Mitigation of plasma-material interactions with low-Z powders in DIII-D H-mode discharges

First experiments with multiple low-Z powder injections in DIII-D H-mode discharges demonstrated enhanced divertor dissipation with a rapid reduction of divertor electron temperature from 30 eV to below 10 eV, increasing divertor neutral pressure from 0.9 to 9 mTorr, and transition into stable detachment during the injection. In some cases, the plasma was observed to detach during powder injection, and in all cases, good energy confinement (W_mhd=0.7 MJ, τ_E=0.11 s) was maintained. 

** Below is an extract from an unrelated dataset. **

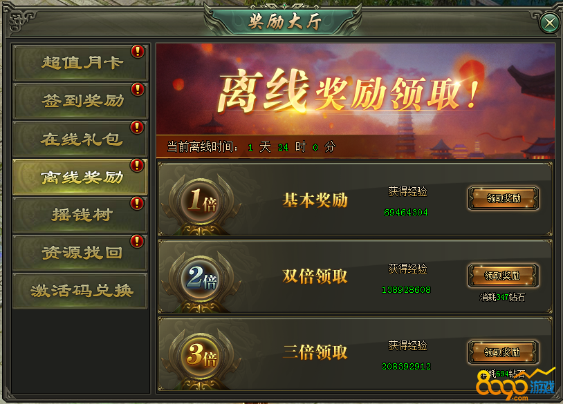 玩家进行游戏退出操作后,游戏会自动记录玩家离线时间,并将玩家的离线时间转换成经验值。玩家可以选择免费的基本奖励,也可以选择消耗钻石来获取多倍离线经验奖励

Lithium (Li), boron (B), and boron nitride (BN) powders (5-100 μm) were injected in upper-single-null H‑mode plasmas (I_p~1 MA, B_t=2 T, P_NB~6 MW, n_e~3.6-5.0x10¹⁹ m^-3) in 2-s intervals at rates of 1-50 mg/s. Data reveal that the low Z powder injection increased line emission in the plasma boundary and near the divertor. EMC3-EIRENE modeling was used to resolve the species-dependent magnitude and spatial distribution of the radiative power losses. It is found that Li radiates more from the separatrix region and thus has a more substantial cooling effect on the core-edge. On the other hand, B and BN radiation is more concentrated in the divertor. Lithium powder injection at a rate of 3.3 mg/s causes an increase of divertor pressure by a factor of 3, while it was increased by only 1.5 in the case of B despite a higher rate of 35 mg/s¹.

Synergistic use of boron and nitrogen in the form of BN powder at a rate of 81 mg/s showed the most substantial increase in divertor neutral pressure by one order of magnitude and lasting detachment without a significant change in core density and energy confinement.

The concomitant increase in fueling rates to maintain density and the reduction of O, C, and neutral D line emission in the plasma edge and divertor suggest additional wall conditioning effects from the cumulative injection of low-Z non-recycling materials².